§ To do: Here the job is to transcribe the data exactly while omitting the images.

§ Recorded data:
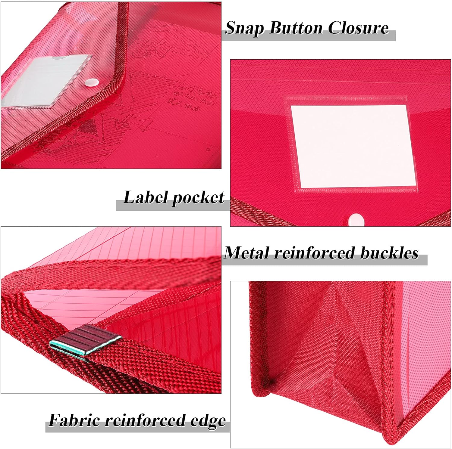 - Snap button closure and label pocket: plastic folders for documents are designed with snap button and label pocket; The plastic envelopes with snap closure secure the important files, folders with pocket for labels to distinguish your files easily
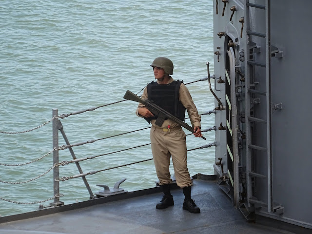 There was a naval vessel tied up next to us – with a guard on duty with a big gun!
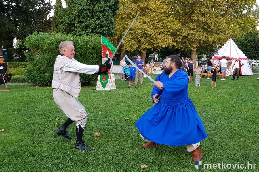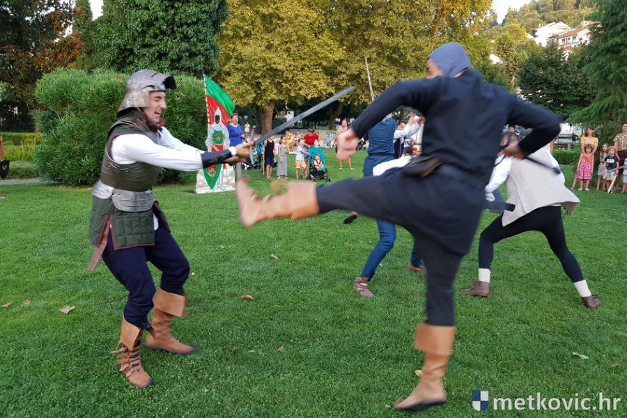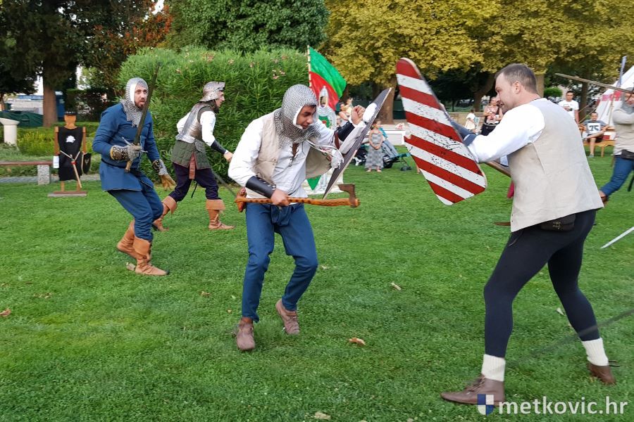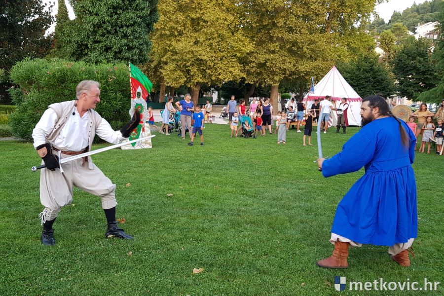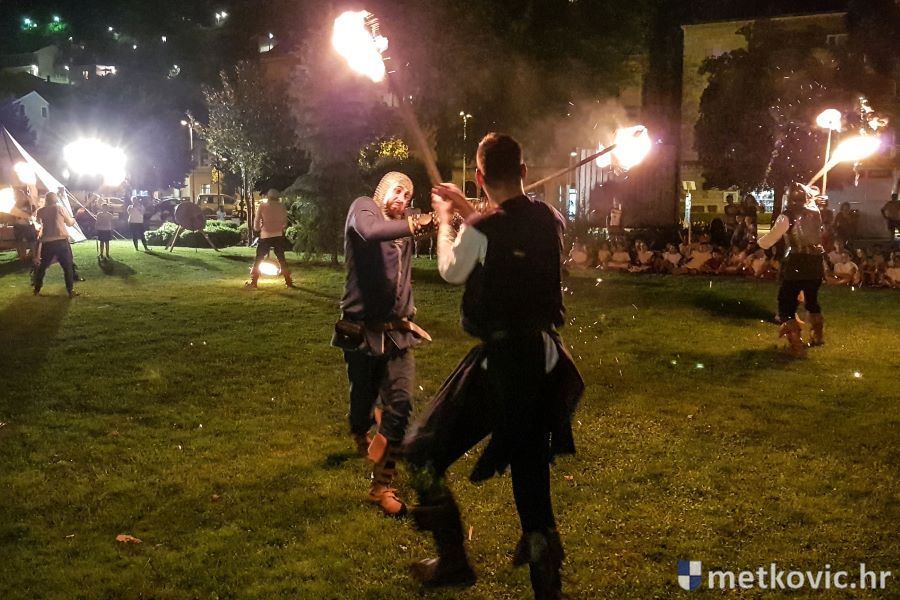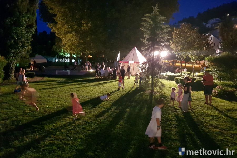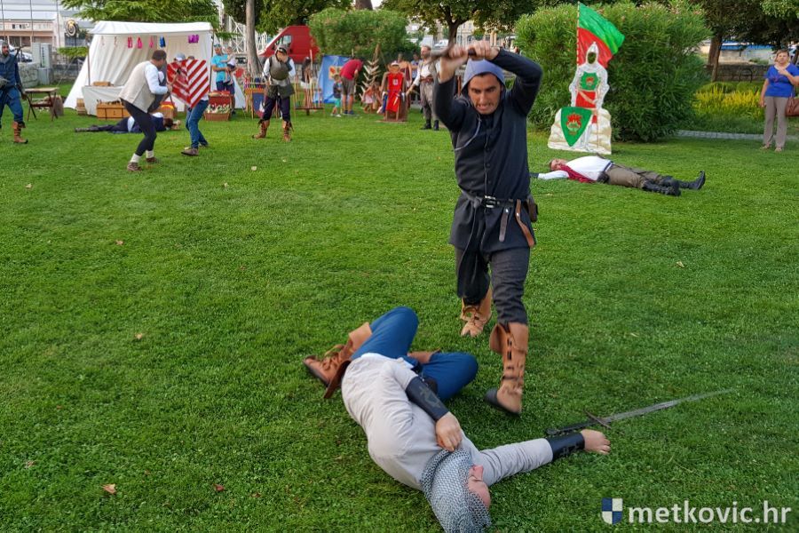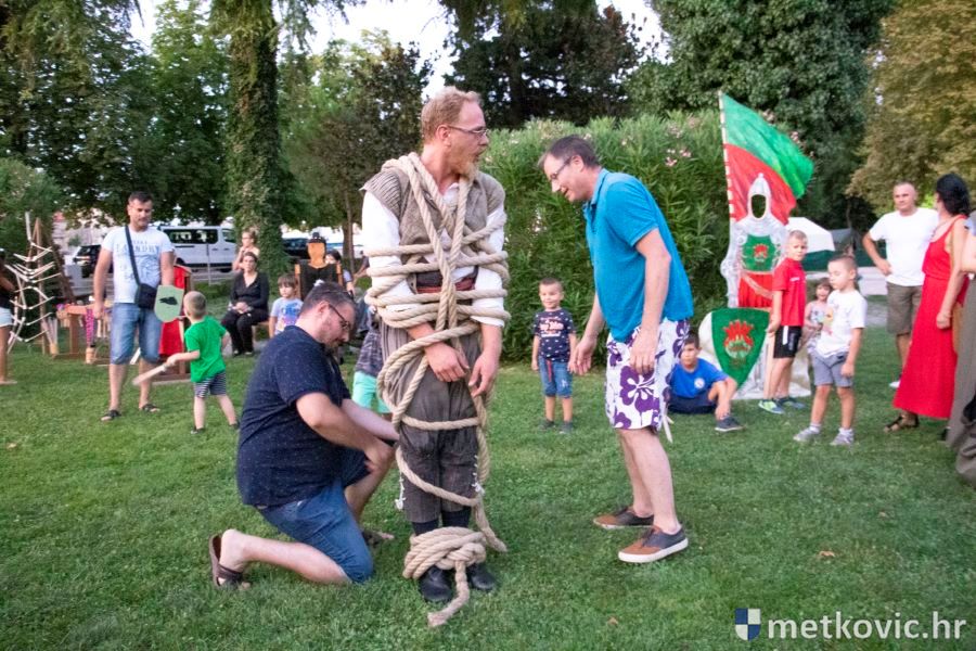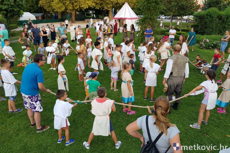 Metković, 10.8.2019. - Drugoga dana manifestacije 'Dani Neretvanske kneževine' u Gradskome se parku u popodnevnim i večernjim satima odvijao atraktivan program, u kojemu su uz male neretvanske gusare svoje vještine prikazali srednjovjekovni vitezovi, iluzionisti, lakrdijaši i slična 'zanimanja' kojima je obilovao srednji vijek.

§ Final answer:
 - Snap button closure and label pocket: plastic folders for documents are designed with snap button and label pocket; The plastic envelopes with snap closure secure the important files, folders with pocket for labels to distinguish your files easily
 There was a naval vessel tied up next to us – with a guard on duty with a big gun!
 Metković, 10.8.2019. - Drugoga dana manifestacije 'Dani Neretvanske kneževine' u Gradskome se parku u popodnevnim i večernjim satima odvijao atraktivan program, u kojemu su uz male neretvanske gusare svoje vještine prikazali srednjovjekovni vitezovi, iluzionisti, lakrdijaši i slična 'zanimanja' kojima je obilovao srednji vijek.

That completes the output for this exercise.